From the data below, please reproduce exactly everything from the line that contains "4、查看資產(chǎn)列表" down to the line that contains "Endurathane Lunel Crown", with both ends included.

== Data for review ==

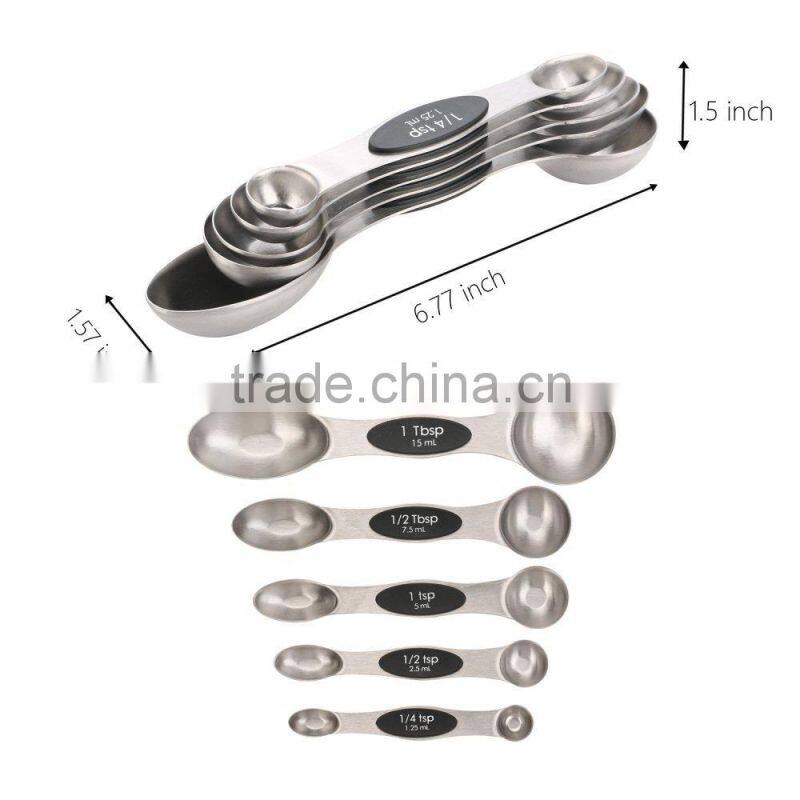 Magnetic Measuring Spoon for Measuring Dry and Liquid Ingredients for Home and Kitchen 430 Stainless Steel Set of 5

===
== Data for review ==

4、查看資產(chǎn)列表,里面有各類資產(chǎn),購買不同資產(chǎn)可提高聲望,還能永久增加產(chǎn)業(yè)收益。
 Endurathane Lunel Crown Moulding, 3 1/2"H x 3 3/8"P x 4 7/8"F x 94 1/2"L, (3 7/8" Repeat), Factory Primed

===

**Task response**
4、查看資產(chǎn)列表,里面有各類資產(chǎn),購買不同資產(chǎn)可提高聲望,還能永久增加產(chǎn)業(yè)收益。
 Endurathane Lunel Crown Moulding, 3 1/2"H x 3 3/8"P x 4 7/8"F x 94 1/2"L, (3 7/8" Repeat), Factory Primed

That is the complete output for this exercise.